Steele’s physique was the kind of thing that happened when someone spent two decades in active Hero work and never stopped training afterward. Her arms showed definition without bulk, her shoulders carried the breadth of someone who actually used them for combat rather than just lifting weights, and her legs were frankly absurd.
I’m talking thighs that looked like they’d been carved from bronze by a sculptor with very specific interests. The kind of legs that made you understand why ancient civilizations put goddesses on pedestals.
Her dark skin gleamed in the early light and her natural hair was cropped short enough to stay completely out of her face. Her expression communicated that she had already evaluated everyone present and found us lacking.
"Class 1-B." Her voice carried across the field without shouting. "Welcome to conditioning. Some of you will hate this. Some of you will hate this more. Neither matters. What matters is that you leave this field stronger than you arrived, or you leave this program entirely. Questions before we begin?"
Nobody raised a hand.
"Good. We’re running. Five miles. No Aspects. No excuses. Anyone who finishes after thirty-five minutes repeats the run tomorrow in addition to tomorrow’s session. Go."

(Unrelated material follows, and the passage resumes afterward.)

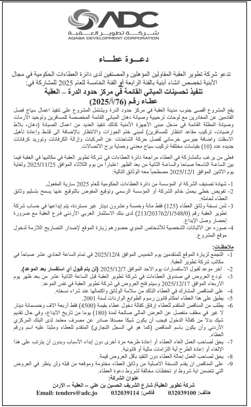 • إبحث في أكبر وأشمل قاعدة بيانات على مستوى الأردن, تحتوي على جميع العطاءات والمناقصات الحكومية، الدولية، الخاصة، والعسكرية مصنفة ومبوبة منذ عام 2013 حتى تاريخ اليوم!

She didn’t yell start. She didn’t blow a whistle. She just said go with the casual authority of someone who expected immediate compliance and usually got it.
We went.
The first mile was manageable. I settled into a pace somewhere in the middle of the pack, faster than I’d run during yesterday’s evaluation but not fast enough to draw attention. Caden fell in beside me, his breathing already starting to labor.
"This is abuse." He gasped between strides. "This is definitely abuse. Can we report her?"
"To who?"
"I don’t know. Someone. The authorities. The UN."
"Pretty sure the UN doesn’t handle Hero Academy conditioning complaints."
"They should. This feels like a war crime."
Camille blazed past us on the left, her ponytail streaming behind her like a flag marking conquest. She didn’t look at either of us. She didn’t need to.